И дабы хорошенько показать, что она сердится, она три или четыре дня ни за что не желала видеть его. Затем, чтобы легче было отомстить так, как она это замыслила, она снова начала привлекать его тысячами ласковых словечек и, больше не говоря о рукавчиках, сделала вид, что с ним помирилась.
И в один прекрасный день, когда ей показалось, что настало время, удобное для ее замысла, она ласково подозвала его к себе и, говоря, что ее Чарпалья отправился в Кутильяно, пригласила его, коли ему хочется сделать с ней четыре хороших заезда, прийти к ней в дом часов в десять, добавив, что она одна-одинешенька будет его ждать; если ж он, не ровен час, ее не застанет, пусть он потрудится подождать ее, так как она не замедлит прийти.

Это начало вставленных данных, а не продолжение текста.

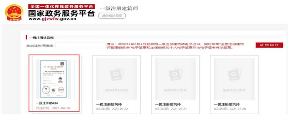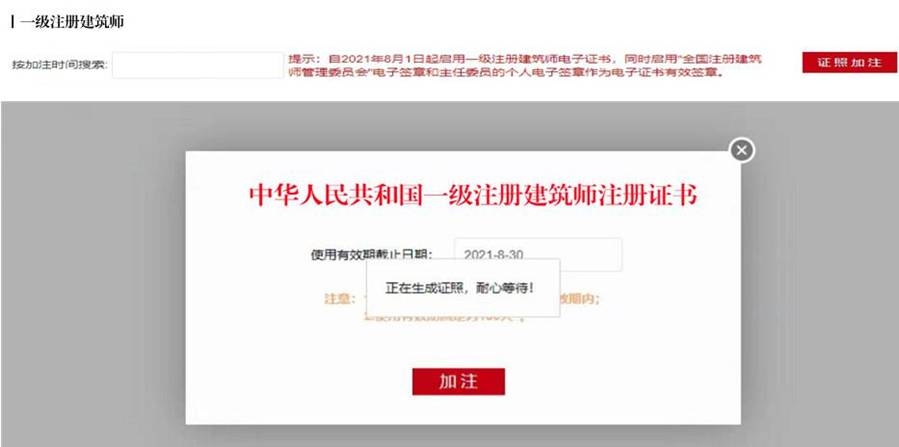 選擇“一級注冊建造師”,點擊[證照加注],即可加注成功。首次使用或之前加注日期已過期,點擊頁面右上角[證照加注],在彈窗頁面繼續點擊[加注],提示“加注成功!”表示電子證書加注完成,加注有效期為180天。
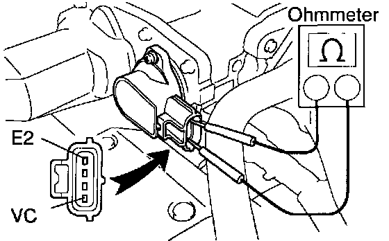 b. Using an ohmmeter, measure the resistance between terminals VC and E2.

Уж не спрашивайте меня, как отец Блудодей ухватился за это предложение и как он весь вспетушился, говоря сам себе:
— Недаром я удивлялся, почему она так медлит погибнуть от любви ко мне. Гляди-ка, гляди, ее теперь уж больше не беспокоят рукавчики. Ну и дурак же я, незачем было давать ей столько добра; и я не был бы в таком убытке. Но знаешь ли ты, какова она, дон Джованни? Если ты не вернешь себе своего вдвойне, ты будешь большим дураком.
Произнося такие и другие, подобные им, речи, он дождался, пока не настал назначенный ему час, и лишь только он настал, святой отец исполнил все то, что ему было приказано женщиной.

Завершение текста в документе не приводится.